5. The "GPT-4" Surprise

The researchers also tested a newer, smarter robot (GPT-4) on a small sample.

  • Good News: GPT-4 was much better. It gave "Proper" answers 59% of the time (compared to 35% for the older one).
  • Bad News: Even the super-smart GPT-4 sometimes got confused by "Romanized Nepali" (Nepali written with English letters, like "Kasto cha?"). It preferred the official script (Devanagari).

6. The Big Takeaway

The paper concludes that while AI is a promising tool for helping people in Nepal get health information anonymously, it is not ready to be a doctor yet.

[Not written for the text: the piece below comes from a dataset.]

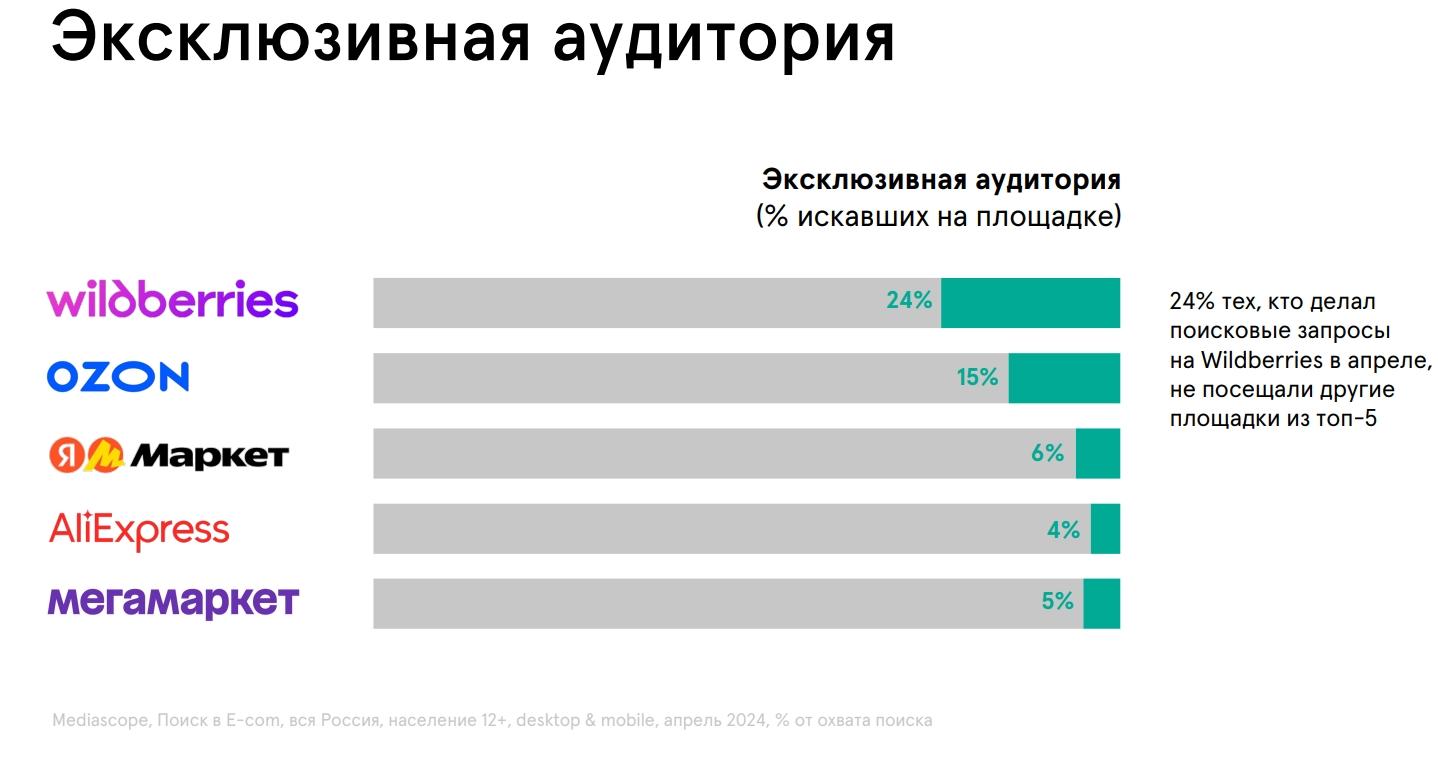 При этом на рынке сохраняется высокая конкуренция — пользователи сравниваютпредложения и выбирают товар на нескольких ресурсах. Доля эксклюзивнойаудитории (тех, кто ищет товары только на одном из пяти крупнейшихмаркетплейсов — Wildberries, Ozon, «Яндекс Маркет», Aliexpress, «Мегамаркет»)от 5% («Мегамаркет») до 24% (Wildberries).

  • The Metaphor: Think of the current AI as a student nurse who has read all the textbooks but has never actually held a patient's hand. They know the theory (accuracy) but often forget the bedside manner (usability and safety).
  • The Future: We need to train these robots better, especially on local culture and language, before we can fully trust them with sensitive health issues.

In short: The robot is smart, but it needs to learn how to be a good listener and a caring helper before it can replace a human health worker in Nepal.